What to do today (Wednesday 25-1-2017)

In today’s lecture (2-3pm in room KE3-008, which is the large lecture theatre on the third floor of the main building in Kevin St), I will describe the project objectives, review the provisional schedule and explain how the assessment works.

In today’s lab (3-6pm in various labs on the ground floor of the main building in Kevin St), you have five jobs to do. The first four are very short; the fifth is more challenging.

  1. Meet your tutor – this is the lecturer who will supervise your lab group and assist you in completing the project.
  2. Form teams of 3 – your tutor will assign each team a number (see number range for each group below) and give you a RoboSumo kit.
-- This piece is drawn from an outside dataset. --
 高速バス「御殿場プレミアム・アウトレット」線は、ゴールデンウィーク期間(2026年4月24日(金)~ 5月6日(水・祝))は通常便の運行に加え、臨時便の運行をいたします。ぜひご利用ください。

It is your responsibility to look after the kit throughout the project.
  3. Choose a team name. You can choose whatever name you want as long as it’s not offensive or impractical (e.g. too long). Please keep in mind that the team name will be publicly visible on the Internet.
  4. Set up your individual WordPress.com blog – you will use this to document your work on the project. NB One blog per student (not per team) and provide the link to your tutor.
  5. Complete (or at least make significant progress on) the LED Flash Challenge. See the previous post on this blog for details.
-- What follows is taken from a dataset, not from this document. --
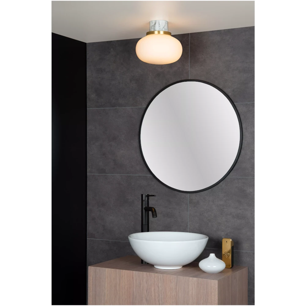 A bathroom lamp with attitude? Lorena mixes a bit of diva allure with a modern twist. Opt for a version with transparent coloured glass and enjoy the view of the filament bulb. Or go for an opal version for an even warmer atmosphere. The ceiling lamp is 23 centimetres wide and 20 centimetres tall. Lorena is specially designed for a bathroom environment and completely safe in damp areas. Would you like to give it a different place in your house, such as in the WC or at the sink for your guests? We won’t stop you.

Each team must have a unique name and team number. Your tutor will assign your team a number from the range allocated to your group, as shown below:

  • DT066 groups A1 and A2: team numbers 1-12 (Ted & Jane in KEG-036)
  • DT066 group B1: team numbers 13-18 (Brian in KEG-004)
  • DT066 group B2: team numbers 19-24 (Richard in KEG-014)
  • DT066 group F1: team numbers 25-30 (Paul in KEG-012)
  • DT066 group F2: team numbers 31-36 (Shivananda in KEG-014)
  • DT009 group: team numbers 37-42 (John in KEG-036)

Note: Tutors, please make a list of teams in your group that includes team name, number and members!
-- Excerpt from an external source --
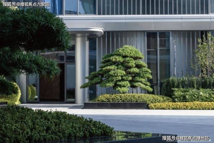 这种创新设计不仅令建筑外观宛如春风拂过西湖泛起的涟漪,更实现了功能性与美学的统一。大面积玻璃幕墙缔造无界天幕般超感视界,外立面巧妙融合超白玻璃与铝板线条,设计灵感源自纽约Summit豪宅,展现出独特的现代建筑美学。园林景观采用自然围合式布局,以抽象化的“四水归堂”格局,围合出一方桃源之境,精心打造“微度假隐逸之境”。每栋楼入口处种植的罗汉松,更彰显出社区的尊贵气质。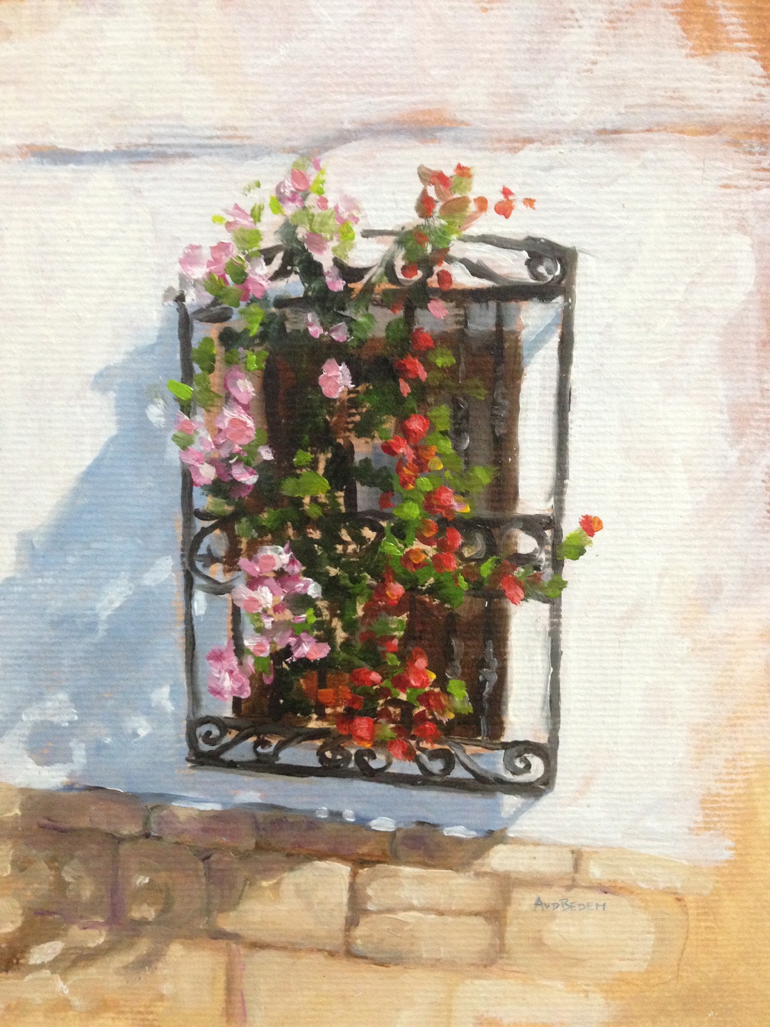 Impressionistisch Schilderijtje Spaans Balkon Met Rode Bloemen

Your RoboSumo kit should include the following items:

  1. 1 x mini breadboard
  2. 1 x MSP430 LaunchPad
  3. 1 x mini USB cable
  4. 1 x MSP430G2452 microcontroller (or MSP430G2553)
  5. 1 x 4AA battery holder with built-in switch
  6. 2 x yellow geared DC motor
  7. 1 x SN754410NE driver chip
  8. 1 x LM1117 3.3V voltage regulator
  9. 4 x TCRT5000 infrared reflective sensor
  10. 1 x microswitch
  11. 1 x 1000uF electrolytic capacitor
  12. 4 x green LED
  13. 4 x red LED
  14. 8 x 220 Ohm resistor
  15. 4 x 10 kOhm resistor
  16. 2 x 100 kOhm resistor

To set up your blog,

  • Go to wordpress.com.
  • Click on the “Start a blog” button.
  • Step 1 of 5: Select “A list of my latest posts”.
  • Step 2 of 5: Select “Twenty Sixteen”.
  • Step 3 of 5: Choose a domain for your blog ending in “.wordpress.com”. For example, “joebloggsroboslam.wordpress.com”. You will be creating a free account, so you can ignore the other options – they are not available without upgrading to a paid account. A free account provides all the features you require for this project.
  • Step 4 of 5: Click on “Select Free” to set up a free account.
  • Step 5 of 5: Enter your email address and choose a password. Leave the username the same as your chosen domain name. Carefully note your username and password so that you don’t forget them. WordPress.com is a private company, so if you lose your details it’s between you and them (rather than DIT) to find out what they are.
  • Finally, click “Create My Account”.
  • Give the domain name (i.e. the web address of your blog) to your tutor along with your name.

Once everyone on your team has set up their blog, it’s time to proceed to the LED Flash Challenge.